MM: What else should be done to protect your land?

 Daví Yanomami: Although FUNAI has set up Indian posts that are supposed to protect our lands, it will be very difficult to operate them because FUNAI has no money. We the Yanomami also have a rule. We have to look out, we have to watch where the garimpeiros are entering. It is a preoccupation that we have and that the Commission for the Creation of the Yanomami Park has, so that through this vigilance we can detect where the new invasions are occurring.

MM: Have you experienced any racism at the Earth Summit?

 Daví Yanomami: We feel that there are many white people who don't like the truth and that they don't like it when we tell the truth about things. This is how discrimination starts.

MM: How does racism affect the lives of the Yanomami?
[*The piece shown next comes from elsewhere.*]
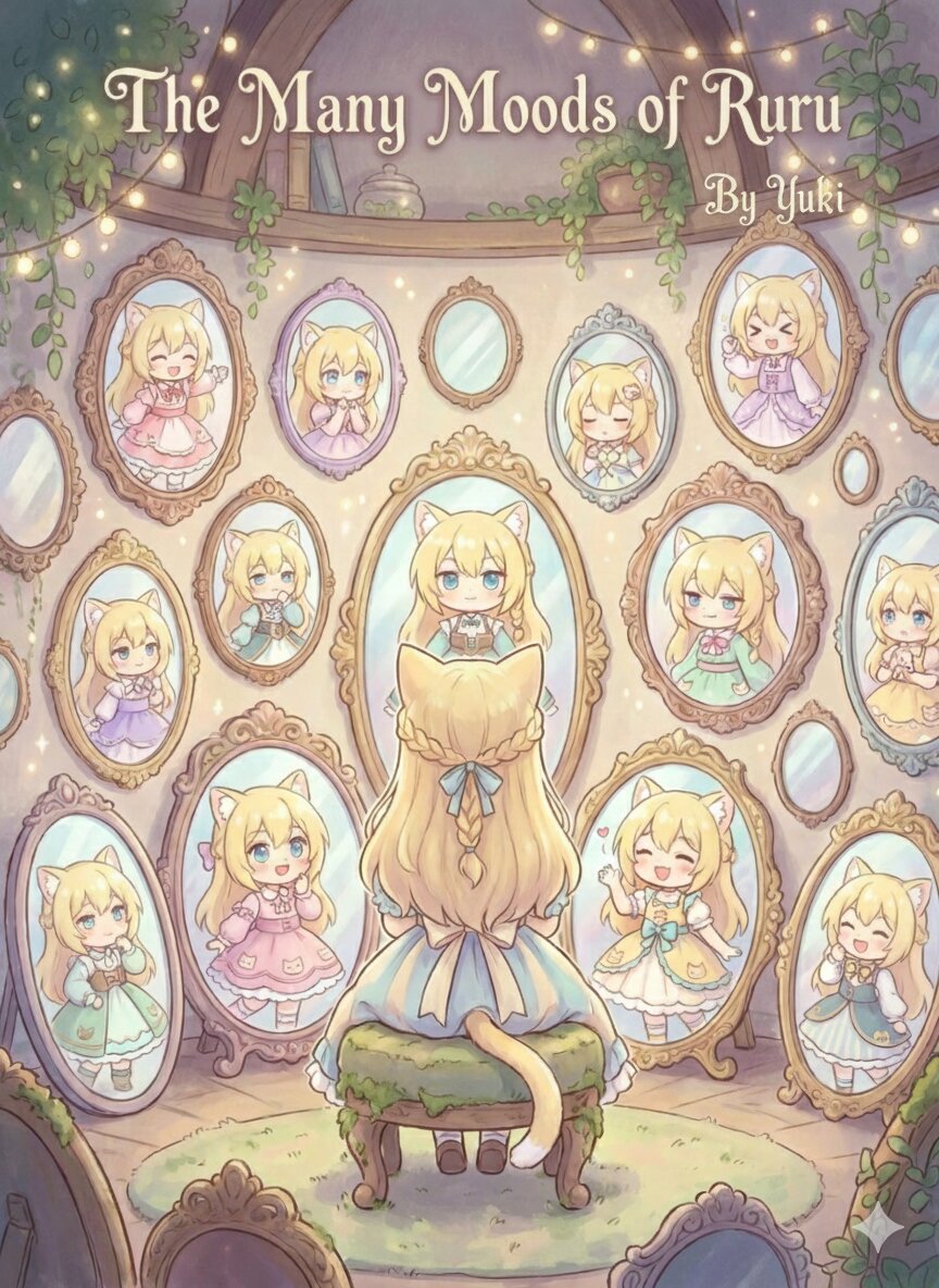 座っている猫耳娘の後ろ姿、雰囲気に合う服を着て、たくさんの鏡に囲まれている、それぞれの鏡に色んな表情や服装でうつっている、気まぐれな猫のように、絵本風のタッチ、絵本の表紙のようなデザイン、ふさわしいタイトルをふさわしいフォントで。「By Yuki」を雰囲気を合わせて小さめに。

 Daví Yanomami: The Portuguese [and their descendants] have done cruel things to our people, and the fact that many Yanomamis have died with the invasion of the garimpeiros is proof of it. These people want to get rid of the Indians; they pay off people to kill the Indians. They have lawyers that will defend them and get them off without having to be punished.

In Roraima there is really a big problem of discrimination against Indian populations. In the city of Roraima, the white people often refer to Indian populations as bishus, which means animals. The white people say that they know everything, that they know how to make machines, to make radios, they have technology and that the Indians are lazy, that we only eat and sleep and don't produce and that we are animals.

These are the people who want to cut down the forest and sell the wood to Japan and other countries. They are the ones who are interested in minerals to make rings and necklaces. And they are destroying our lands.

The Brazilians want to destroy the Amazon because they're very worried that the foreigners will come and take everything away. They want to be the first to make use of it. Our enemies say that the people who work with us [foreign non-governmental organizations] are interested in working with us because they are really interested in taking our riches.

MM: What has been your reaction to the Earth Summit?

 Daví Yanomami: We have asked the shaman to get in touch with his teacher, an elder shaman, and tell him that this conference is taking place, and tell him that he should do some special shamanism so that the Americans should agree with what's going on here. They are asking the help of the older ones, who are the elders and teachers, so they should give more force to them here, and speak so that they will be able to communicate with President Bush, and convince him to go along with the other countries to save the universe. We don't want to hurt him. We want to ask him to respect us. And we want to ask him to sign the [biodiversity] treaty together with the other nations and to return our rights to life.

President Collor should also agree with preserving the planet. If he doesn't, then we are going to get together all of the shamans of Brazil and we are going to do a very strong shamanism.

President Bush thinks that he is the owner of the world but the shamans are the ones who have the knowledge. He is not the first world. We are the first world.